Personal information
- Native name: Pádraig Ó Dábhoireann (Irish)
- Born: 1967 (age 58–59) Ballybrown, County Limerick, Ireland
- Occupation: Sales manager

Sport
- Sport: Hurling
- Position: Right corner-forward

Club
- Years: Club
- Ballybrown

Club titles
- Limerick titles: 2
- Munster titles: 1
- All-Ireland Titles: 0

Inter-county
- Years: County
- 1989-1993: Limerick

Inter-county titles
- Munster titles: 0
- All-Irelands: 0
- NHL: 1
- All Stars: 0

= Pat Davoren =

Irish hurler

Patrick Davoren (born 1967) is an Irish retired hurler. At club level, he played with Ballybrown and at inter-county level with the Limerick senior hurling team.

==Career==

Davoren played hurling while at secondary school in Limerick CBS. He was part of the school's senior team that lost to St Finbarr's College in the final of the Dr Harty Cup in 1984.
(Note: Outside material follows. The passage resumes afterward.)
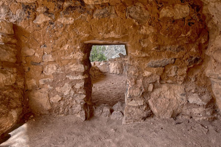 Ancient Doorway inside the Sinagua Indian ruins in Walnut Canyon National Monument Arizona. The ruins are managed by the National Park Service. No property release is needed.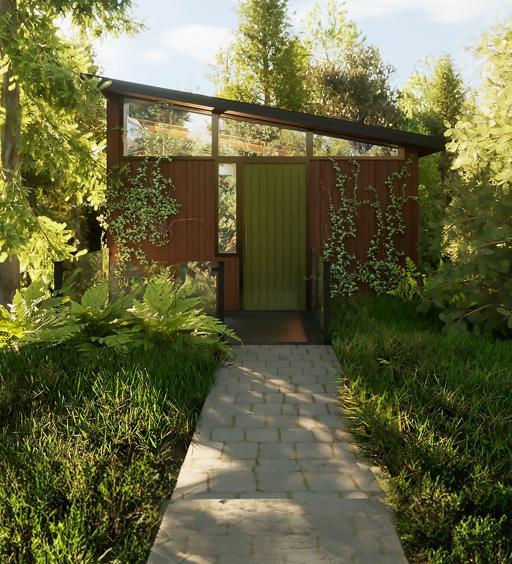 Skylight/Front Porch, 5. Vertical Cedar Planks - Siding & Ceiling Finish, 6. Soapstone Quartz - Counters & Wall Finish, 7. Matte Ceramic Tile - Bathroom Tile, 8. Walnut Veneer - Millwork Finish

At club level, Davoren first played for Ballybrown at juvenile and underage levels before progressing to adult level. He won a Limerick SHC medal in 1989 after a 4-10 to 2-09 win over Doon. Davoren later added a Munster Club SHC medal to his collection before lining out in the 1-16 to 0-16 defeat by Ballyhale Shamrocks in the 1990 All-Ireland club final. He collected a second Limerick SHC medal in 1991.

At inter-county level, Davoren first played for Limerick as corner-forward on the minor team that beat Kilkenny to win the All-Ireland MHC title in 1984. He progressed to the under-21 team in 1988.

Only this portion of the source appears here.